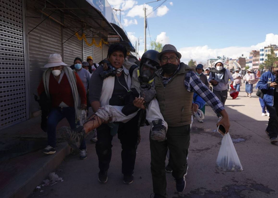 El gremio periodístico denunció que el fotoperiodista Aldair Mejía fue impactado por un proyectil en la pierna durante la cobertura de las protestas en Juliaca, este sábado 7 de enero.
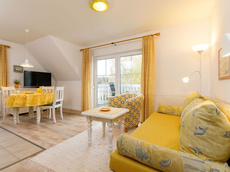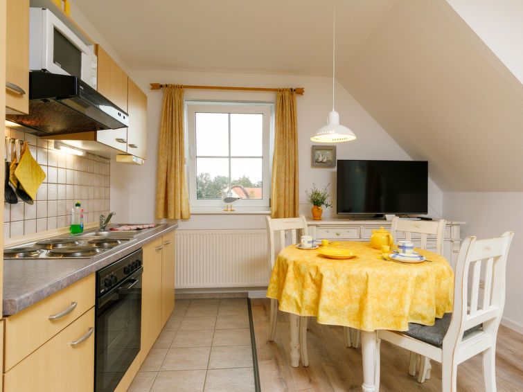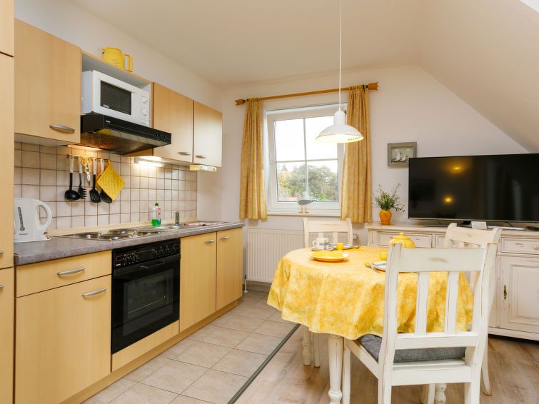 "Eickhus Weisse Wohnung", 3-room apartment 55 m2 on 1st floor. Bright, partly with sloping ceilings, comfortable and cosy furnishings: living/dining room with satellite TV (flat screen), radio. Exit to the balcony. 1 room with 1 double bed (180 cm, length 200 cm). 1 room with 1 bed (80 cm, length 200 cm).
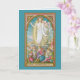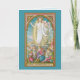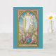 Wish your family and friends “Easter Blessings” with this lovely depiction of the Resurrection framed with an aqua blue border. Done in vibrant spring colours, this traditional image was inspired by mediaeval Gothic prototypes. It depicts Christ at the very moment he rises from the tomb. + Because cliff-side rock-cut tombs were not common in Western Europe, Christ’s tomb here is a rectangular stone box standing above ground in the manner of Roman sarcophagi. Its lid, having been removed by an angel who is not pictured, lies on a diagonal across the opening behind Jesus. The tomb is surrounded by a half dozen or so of Roman soldiers. Most of the soldiers are still asleep but one or two begin to react with amazement to the scene unfolding above them. Clad in pristine white drapery, Jesus hovers above them with his bare feet not yet completely free of the tomb. He is framed by a mandorla, an almond-shaped radiance edged with stylised sun rays. He carries a “Resurrection Banner” in his left hand. The banner is suspended from a tall, thin cross and bears a cross--more pink in colour than the customary red--on a white field. The banner represents Christ’s victory over death. His right hand faces the viewer palm outward. The gesture is one of greeting or triumph as opposed to blessing (cf. our VVP 08). The wound left by the nail with which that hand was fastened to the cross is clearly visible as is the wound in his side where he was pierced with a lance. + Below the scene is a quote from Scripture. It reads: “Surrexit… sicut dixit”, that is, “He is risen… even as he said” (Matthew 28:6 – ASV [American Standard Version]) + Also available with a green, yellow, violet, or bright pink border. + Image Credit (SAU 041): Antique image in chromolithography entitled Surrexit… sicut dixit [He is risen… even as he said] originally published by the Socièté de St. Augustin, Bruges, Belgium, late 19th century, from the designer’s private collection of religious ephemera. Quote (Matthew 28:6): ASV [American Standard Version], which is in the Public Domain.
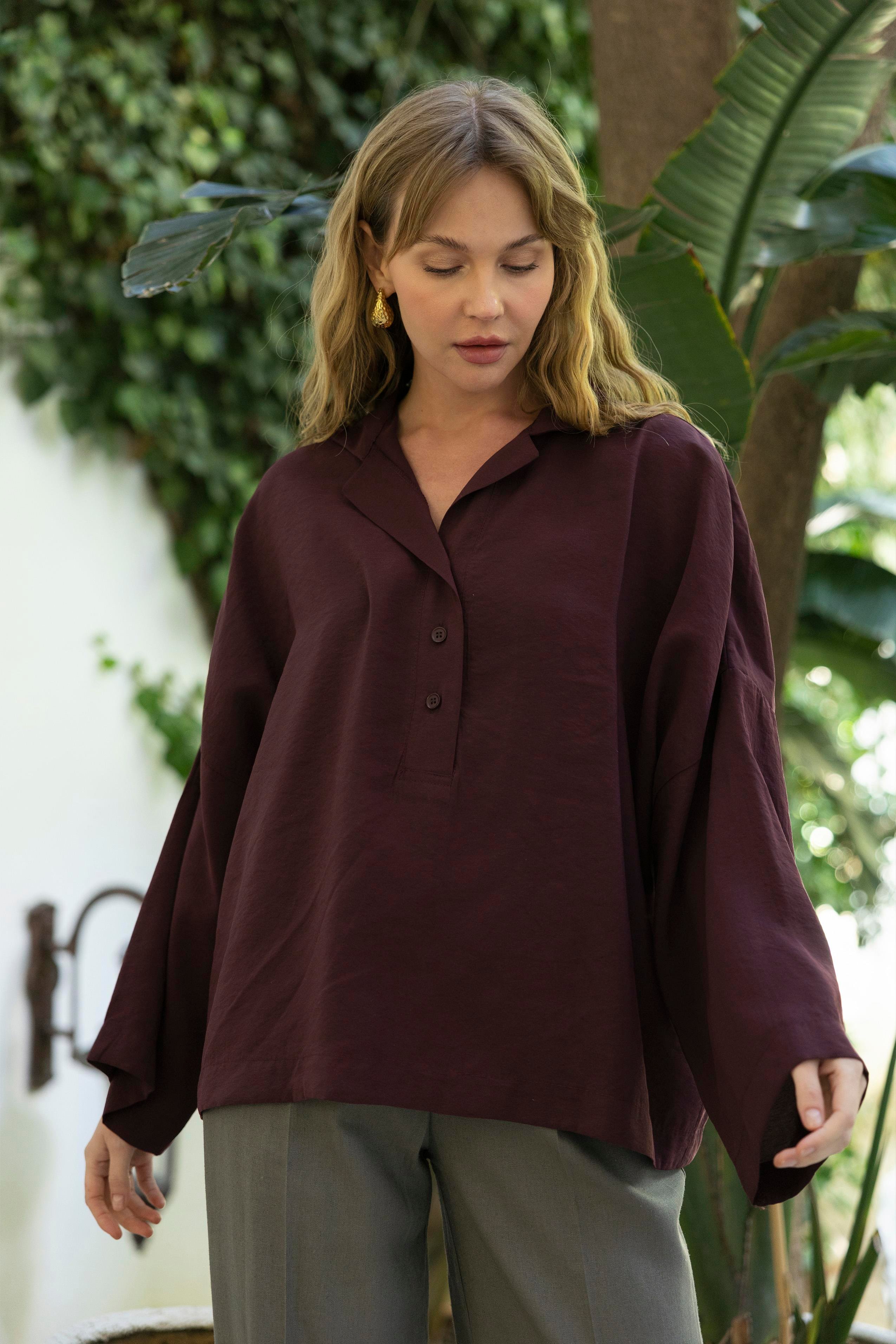 4953 POLO YAKA BLUZ MÜRDÜM
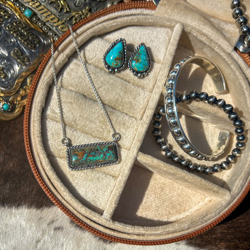 Shop below ready to ship pieces that have been handcrafted in our shop just for you! This month's items feature sterling silver, turquoise with a splash of Christmas cheer and more!
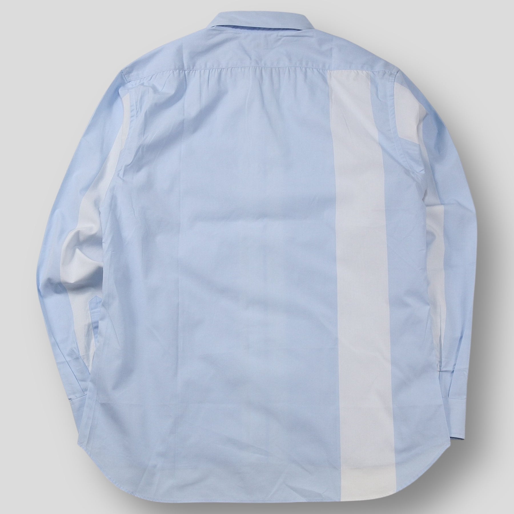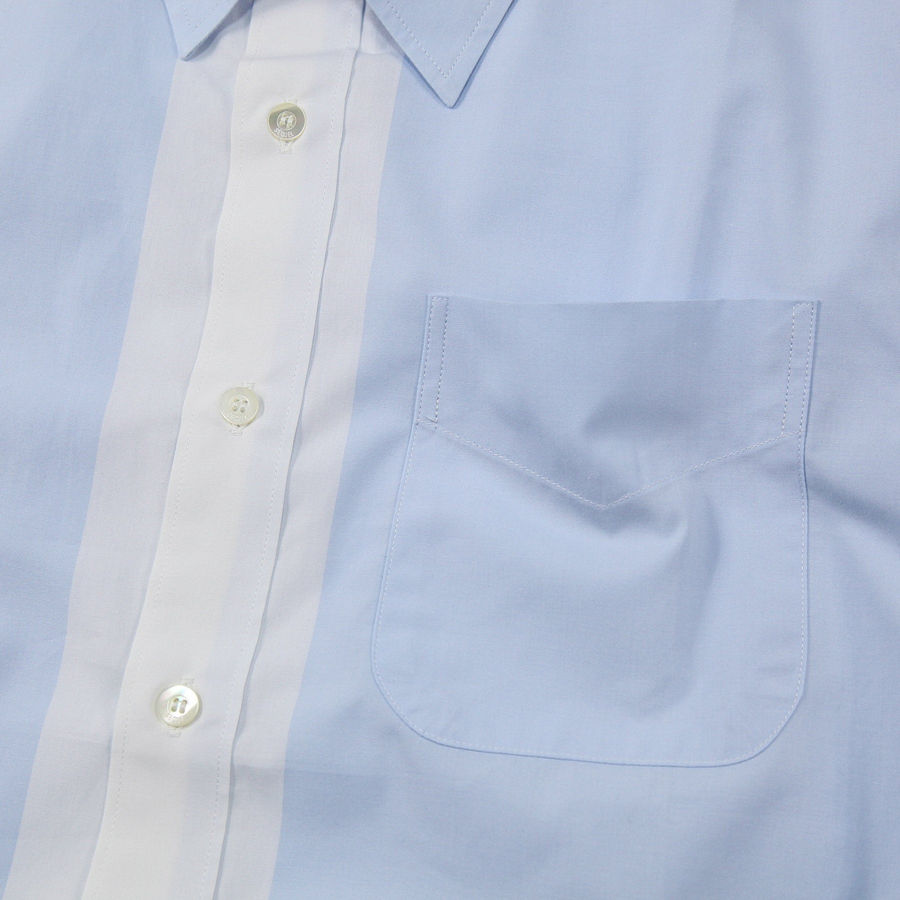 ハリのある薄手のコットン素材を使用した、鮮やかなサックスブルーのシャツ。
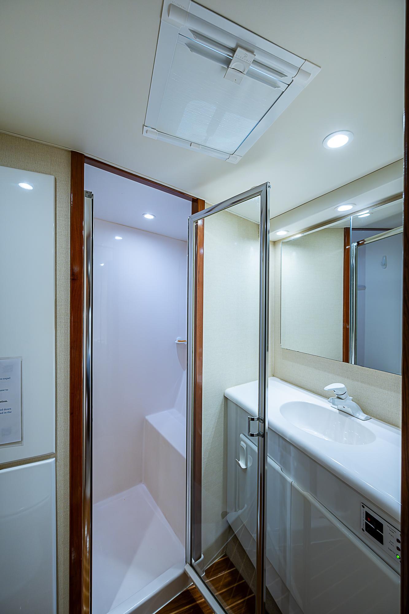 - Fresh water electric heads w/ holding tank & level indicator lights
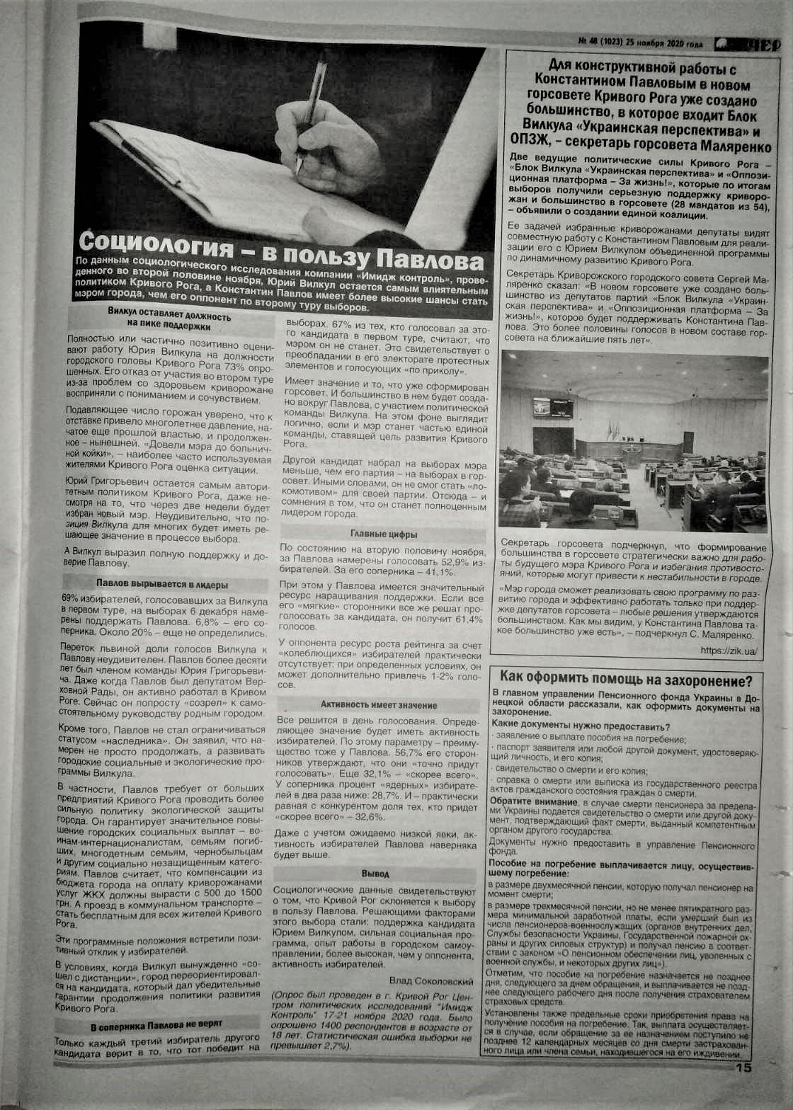 У газеті «Вечір» від 25 листопада опублікований матеріал під назвою «Соціологія – на користь Павлова». Зазначено, що опитування проводила компанія «Імідж контроль» 17 - 21 листопада, було опитано 1400 респондентів. У статті наводяться такі цифри: 52,9% виборців мають намір голосувати за Костянтина Павлова, 41,1% – за його суперника (прізвище другого кандидата Дмитра Шевчика не згадується). Наводимо цитату з матеріалу: «Має значення, і те, що вже сформована міськрада. І більшість в ньому буде створена навколо Павлова, за участю політичної команди Вілкула. На цьому фоні виглядає логічним, якщо і мер стане частиною єдиної команди, яка ставить за мету розвиток Кривого Рогу». В матеріалі перелічуються пункти передвиборчої програми тільки кандидата Костянтина Павлова, натомість Дмитро Шевчик згадується лише як «опонент», «інший кандидат», «суперник».
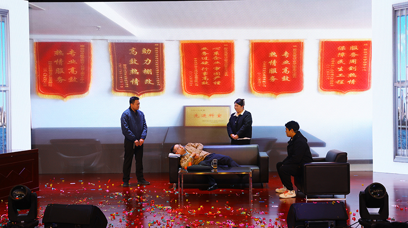演出在舞蹈《祖国你好》中拉开序幕,随后,一个个欢快、喜庆、祥和的文艺作品相继上演。这其中,既有充分展现台北发展力量的情景剧《我们是台北力量》《南泥湾畅想》,也有大气磅礴的男女对唱《不忘初心》和小合唱《众人划桨开大船》,有草原气息的笛子独奏《牧民新歌》,讽刺当下“躺平式”干部的廉洁作风小品《坑》,展现公司活力的男团《舞蹈:串烧》《山丹丹花开红艳艳》,奇特、神秘的魔术表演,一腔情怀的京剧《沙家浜-唱段军民鱼水情》……最后,在机关全体人员带来舞蹈《相亲相爱的一家人》中落幕,高潮迭起、精彩不断,得到广泛好评。
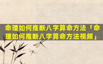 2、命理如何推 🦢 断八字算命 🦅 方法视频
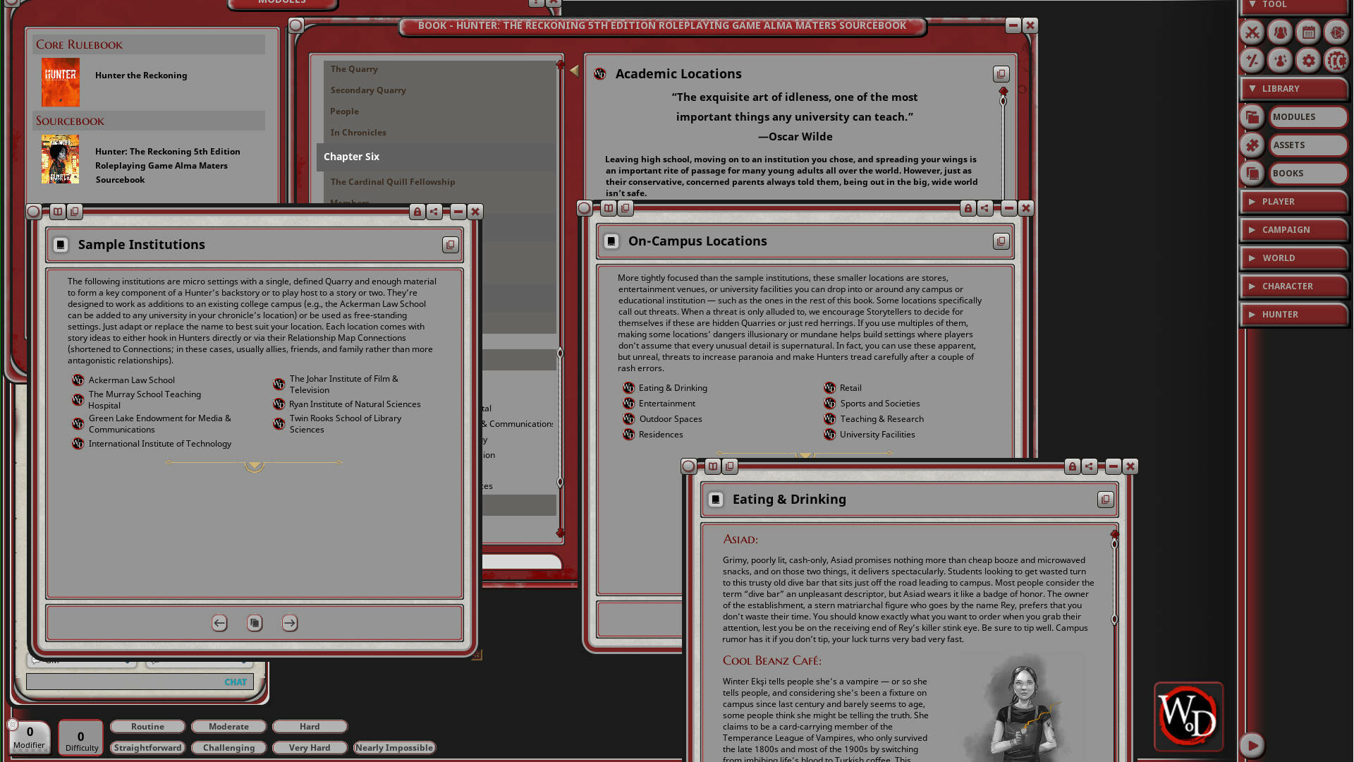• Four fully detailed academic institutions each with a chronicle's worth of problems.
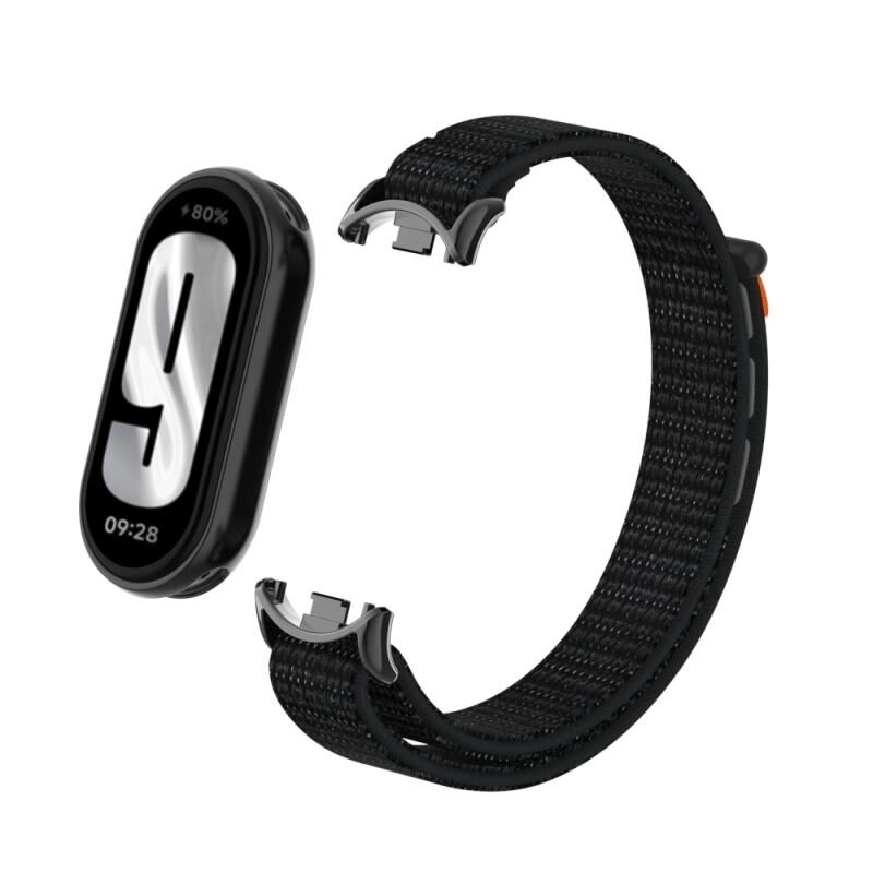 Για Xiaomi Smart Band 9 / 8 Μεταλλικό σύνδεσμο + βρόχο νάιλον γάντζο και βρόχο συνδετήρα ρολόι μπάντα (αντανακλαστικό μαύρο)
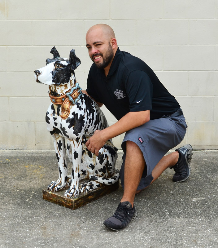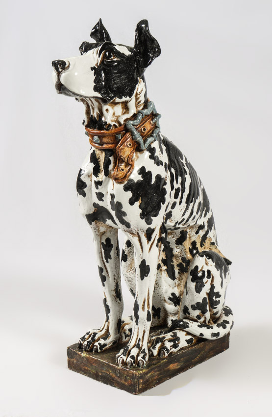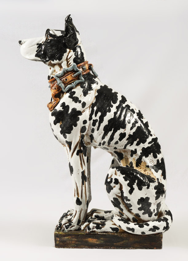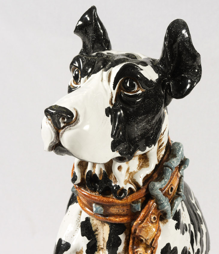 LIFE SIZE CERAMIC HARLEQUIN GREAT DANE DOG: Nicely detail figure of a seated Great Dane, 40'' h. x 13 1/4'' h. x 26''.
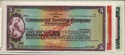 ca.1920-30's. Specimen sample book of traveler's checks printed and engraved by BWC. Booklet is 9 by 3.5 inches and has printed cover stating "Specimen of travelers Cheques - Engraved and Printed By Bradbury, Wilkinson & Co, Ltd., New Malden, Surrey, England". 12 different checks are bound into booklet by a small perforated tab. All are in choice uncirculated condition. Banks and companies included are "Thos.Cook & Son, Bombay, India"; "The National Bank of Australasia, Ltd."; "Australia and New Zealand Bank, Ltd"; "Hambros Bank, Ltd"; "Rafidain Bank, Baghdad, Iraq"; "Midland Bank", London; "El Banco De Credito del Peru"; "The British Bank of Iran and the Middle East"; "The Commercial Banking Company of Sydney"; "The Commercial Bank of Scotland"; "The Bank of New Zealand"; "Lloyds Bank" and another "Midland Bank". All are uniface with no backs. All have red specimen overprints with POC's. The issued checks probably did have backs printed. Rare and attractive specimen booklet with rare banks included. BWC.
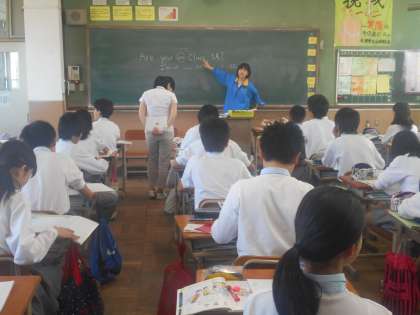 山下先生と一緒に,今日から幸脇先生が英語の授業に入ってくださっています。1年生の英語の授業を中心に手伝って頂きます。
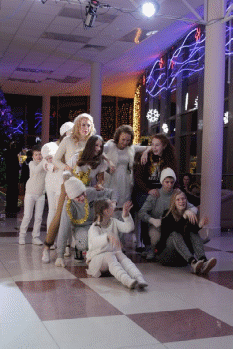 Посол – переводчик: Какой Новый Год без снега? Без красивых снежинок? Правильно! Никакой! Встречайте, танец «Снежинки»
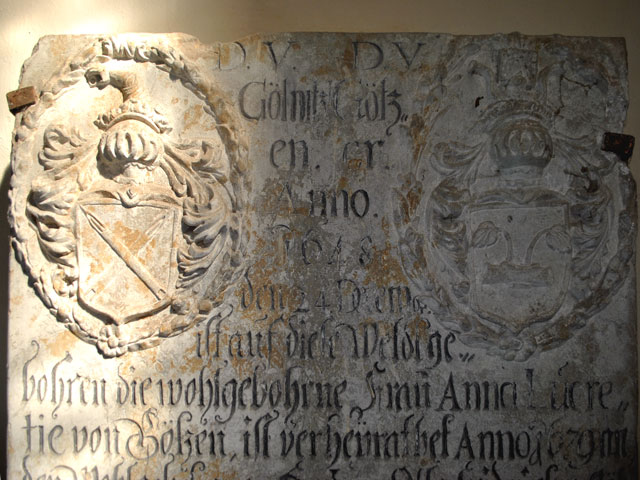 Anno 1648, den 24. Decbr. ist auf diese Weldt gebohren die wohlgebohrne Frau Anna Lucretie von Göltzen, ist verheirathet Anno 1679
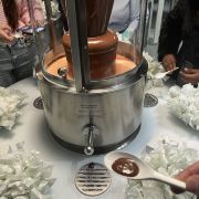 博物馆有中文讲解器,翻译得很好。从巧克力的起源,生产制作到未来,瑞士巧克力产业的发展等,讲解得非常细致,最后提出了非常有深度的思考问题,充满了ESG理念。里面有巧克力畅吃,真的随便拿,敞开吃,对巧克力爱好者来说太爽了。所以一定要带瓶矿泉水进去,一定要带,一定要带水,重要事情说三遍,不然最后会很腻。最后有一列经典的圆形巧克力,各个口味可以免费拿一颗带走,也有人多拿的。下楼前还有一个很好玩的游戏可以用门票扫码玩,玩好了有一块巧克力奖励。
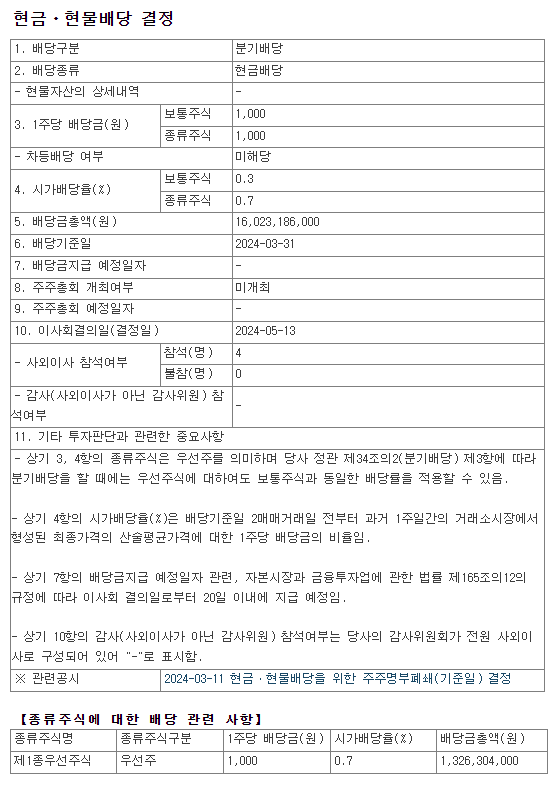 배당금 : 주당 1,000원 (보통주, 우선주 동일)
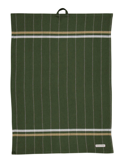 Klassisk och tidlös kökshandduk men samtidigt väldigt modern med sina dekorativa kritstrecksränder i härliga höstfärger, kökshandduken är garnfärgad och gjord i 100% återvunnen bomull/polyester. Handduken har klassisk upphängningsögla högst upp i samma tyg.
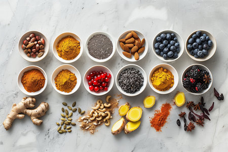 Vibrant collection of nutrient rich superfoods, seeds, and spices meticulously arranged in glass jars on a light marble background, perfect for healthy living themes
■ ■ ■ ■ ■
Task to complete> Retype, exactly and with no pictures, everything above from the line with "worth of problems." down to the line with "LIFE SIZE CERAMIC", both included.

Solution below>
• Four fully detailed academic institutions each with a chronicle's worth of problems.
 Για Xiaomi Smart Band 9 / 8 Μεταλλικό σύνδεσμο + βρόχο νάιλον γάντζο και βρόχο συνδετήρα ρολόι μπάντα (αντανακλαστικό μαύρο)
 LIFE SIZE CERAMIC HARLEQUIN GREAT DANE DOG: Nicely detail figure of a seated Great Dane, 40'' h. x 13 1/4'' h. x 26''.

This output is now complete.